5. The PD charger conversion circuit according to any of claims 2 to 4, characterized in that the power-taking interface (11) is a USB Type-C interface.

6. The PD charger conversion circuit according to claim 1, wherein the first charging management circuit (3) comprises a first buck chip (31), a first inductor (32) and a first charging interface (33), wherein an input of the first buck chip (31) is connected to the interface circuit (1), and an output of the first buck chip (31), the first inductor (32) and an input of the first charging interface (33) are serially connected in sequence.

7. The PD charger converting circuit according to claim 1, wherein the first charging management circuit (3) further comprises a first voltage divider circuit (34) and a voltage sampling circuit (35), an input terminal of the first voltage divider circuit (34) is connected to the interface circuit (1), an output terminal of the first voltage divider circuit (34) is connected to the start terminal of the first buck chip (31), and the voltage sampling circuit (35) is connected to the sampling terminal of the first buck chip (31) and the output terminal of the first inductor (32), respectively.

8. The PD charger conversion circuit according to claim 1, wherein the second charging management circuit (4) includes a second buck chip (41), a second inductor (42), and a second charging interface (43), an input of the second buck chip (41) is connected to the interface circuit (1), an output of the second buck chip (41), the second inductor (42), and an input of the second charging interface (43) are sequentially connected in series, and the second buck chip (41) is in data communication with the second charging interface (43).

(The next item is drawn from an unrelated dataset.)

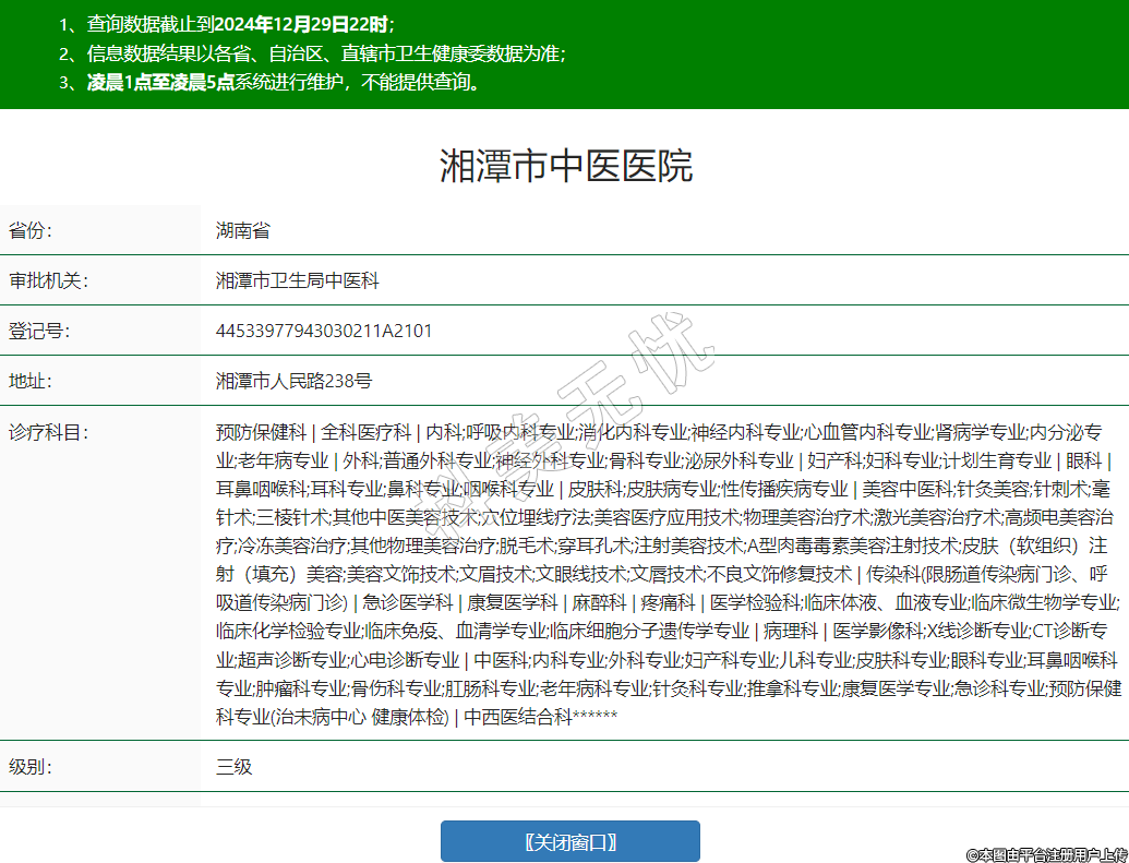預(yù)防保健科 | 全科醫(yī)療科 | 內(nèi)科;呼吸內(nèi)科專業(yè);消化內(nèi)科專業(yè);神經(jīng)內(nèi)科專業(yè);心血管內(nèi)科專業(yè);腎病學(xué)專業(yè);內(nèi)分泌專業(yè);老年病專業(yè) | 外科;普通外科專業(yè);神經(jīng)外科專業(yè);骨科專業(yè);泌尿外科專業(yè) | 婦產(chǎn)科;婦科專業(yè);計(jì)劃生育專業(yè) | 眼科 | 耳鼻咽喉科;耳科專業(yè);鼻科專業(yè);咽喉科專業(yè) | 皮膚科;皮膚病專業(yè);性傳播疾病專業(yè) | 美容中醫(yī)科;針灸美容;針刺術(shù);毫針術(shù);三棱針術(shù);其他中醫(yī)美容技術(shù);穴位埋線療法;美容醫(yī)療應(yīng)用技術(shù);物理美容治療術(shù);激光美容治療術(shù);高頻電美容治療;冷凍美容治療;其他物理美容治療;脫毛術(shù);穿耳孔術(shù);注射美容技術(shù);A型肉毒毒素美容注射技術(shù);皮膚(軟組織)注射(填充)美容;美容文飾技術(shù);文眉技術(shù);文眼線技術(shù);文唇技術(shù);不良文飾修復(fù)技術(shù) | 傳染科(限腸道傳染病門診、呼吸道傳染病門診) | 急診醫(yī)學(xué)科 | 康復(fù)醫(yī)學(xué)科 | 麻醉科 | 疼痛科 | 醫(yī)學(xué)檢驗(yàn)科;臨床體液、血液專業(yè);臨床微生物學(xué)專業(yè);臨床化學(xué)檢驗(yàn)專業(yè);臨床免疫、血清學(xué)專業(yè);臨床細(xì)胞分子遺傳學(xué)專業(yè) | 病理科 | 醫(yī)學(xué)影像科;X線診斷專業(yè);CT診斷專業(yè);超聲診斷專業(yè);心電診斷專業(yè) | 中醫(yī)科;內(nèi)科專業(yè);外科專業(yè);婦產(chǎn)科專業(yè);兒科專業(yè);皮膚科專業(yè);眼科專業(yè);耳鼻咽喉科專業(yè);腫瘤科專業(yè);骨傷科專業(yè);肛腸科專業(yè);老年病科專業(yè);針灸科專業(yè);推拿科專業(yè);康復(fù)醫(yī)學(xué)專業(yè);急診科專業(yè);預(yù)防保健科專業(yè)(治未病中心 健康體檢) | 中西醫(yī)結(jié)合科******

9. The PD charger conversion circuit according to claim 8, wherein said second charge management circuit (4) further comprises a second filter circuit (44) and a third filter circuit (45), one end of said second filter circuit (44) is connected to the input and data terminal of the second buck chip (41), the other end is grounded, and said second inductor (42) is connected to the input of the second charging interface (43) through the third filter circuit (45).